Gejala oktaf memungkinkan bapak-bapak bersuara rendah bisa bernyanyi bersama ibu-ibu dan anak-anak bersuara tinggi pada saat yang bersamaan (dengan lagu yang sama) dan tetap terdengar/ berkesan sama.
Berdasarkan pengalaman saya mengajar musik untuk anak-anak, kemampuan persepsi oktaf bukan sesuatu yang murni ‘nature’. Butuh latihan untuk terbiasa dengannya. Mungkin itu pula sebabnya mengapa Ibu adalah pengajar ‘musik’ utama untuk anak, karena umumnya rentang suara Ibu (yang tinggi) sama dengan rentang suara anak-anak.
Implikasi: dalam mengajarkan lagu kepada anak-anak usahakan untuk menggunakan rentang suara si anak, hindari penggunaan oktaf di atas atau di bawahnya.
===========
Beberapa diskusi dan komen:
IndraAziz : @pbadi menarik bro, pemain sax wajib melatih spektrum harmonics tsb, jika tidak, tone yang dihasilkan akan terdengar “encer” #bunyi (cont) 24 Juni 2010 2:08:12 via UberTwitter in reply to pbadi
pbadi : @IndraAziz Dalam bernyanyi jg begitukah, Bro? Re: spektrum harmonics.
IndraAziz : Prinsipnya sama, tetapi tidak ada latihan khusus bro RT @pbadi: @IndraAziz Dalam bernyanyi jg begitukah, Bro? Re: spektrum harmonics. #bunyi 24 Juni 2010 9:26:19 via UberTwitter
===========
adihrespati : @pbadi Tanya, boleh?
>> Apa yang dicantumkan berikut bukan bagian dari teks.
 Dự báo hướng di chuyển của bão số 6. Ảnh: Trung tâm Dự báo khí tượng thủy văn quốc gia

Mungkinkah bunyi tertentu secara umum (mungkin bahkan universal) lebih disukai dibanding bunyi lain?
@adihrespati Menarik sekali pertanyaan mas. Jawaban saya adalah mungkin. Namun yang jelas, ada kriteria bunyi yang dapat ditolerir.
@adihrespati maksud ditolerir di sini adalah berada pada ambang penginderaan.
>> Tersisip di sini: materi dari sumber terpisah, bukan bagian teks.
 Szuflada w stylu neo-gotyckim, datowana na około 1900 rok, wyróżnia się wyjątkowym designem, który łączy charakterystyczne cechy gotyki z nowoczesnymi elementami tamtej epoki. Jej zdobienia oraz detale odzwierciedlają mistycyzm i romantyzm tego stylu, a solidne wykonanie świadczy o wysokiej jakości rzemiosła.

@adihrespati pada properti frekuensi, ambang peenginderaan kita adalah 20Hz-20kHz. Pada batas bawah dan atas bisa jadi kita tidak nyaman mendengarnya.
@adihrespati jika rendah sekali akan terdengar buzzing dan shaking, jika terlalu tinggi memekakkan telinga.
@adihrespati juga terjadi pada properti amplitudo, terlalu kecil tidak akan terdengar, terlalu besar maka tekanan udaranya bisa mrusak membran telinga > sakit.
@adihrespati tapi yang saya sampaikan itu adalah bunyi tunggal > satu pitch, satu waktu, energi dan timbre yang konstan.
@adihrespati saya percaya bahwa asosiasi ekstra bunyi sangat mempengaruhi disukai/ tidaknya bunyi.
@adihrespati dan yang sangat penting adalah kesesuaian dengan konteks.
@adihrespati Misal, penggemar kue putu yang sedang ingin makan kue putu sangat mungkin mendengar nada E 660Hz dr pluit uap tukang putu sebagai hal yang menyenangkan.
@adihrespati Namun jika konteksnya adalah ibunya melarang “sudah! jangan jajan kue putu terus!”, bunyi tersebut mungkin jadi bunyi yang menyedihkan.
*************************************************************************
Komen dari saudara @IndraAziz:
IndraAziz @pbadi bayi diperdengarkan musik saat terbangun, bila ia tertidur musik dimatikan, melatih bayi u/ mendengar, bukan mengacuhkan #bunyi tsb. 23 Juni 2010 22:00:05 via UberTwitter
===========
Komen dari saudara @bobycozy :
bobycozy : Time based effects RT @pbadi Beberapa efek pada sound proccesors bekerja berdasarkan gejala interferensi ini: chorus, flanger, cloner, etc.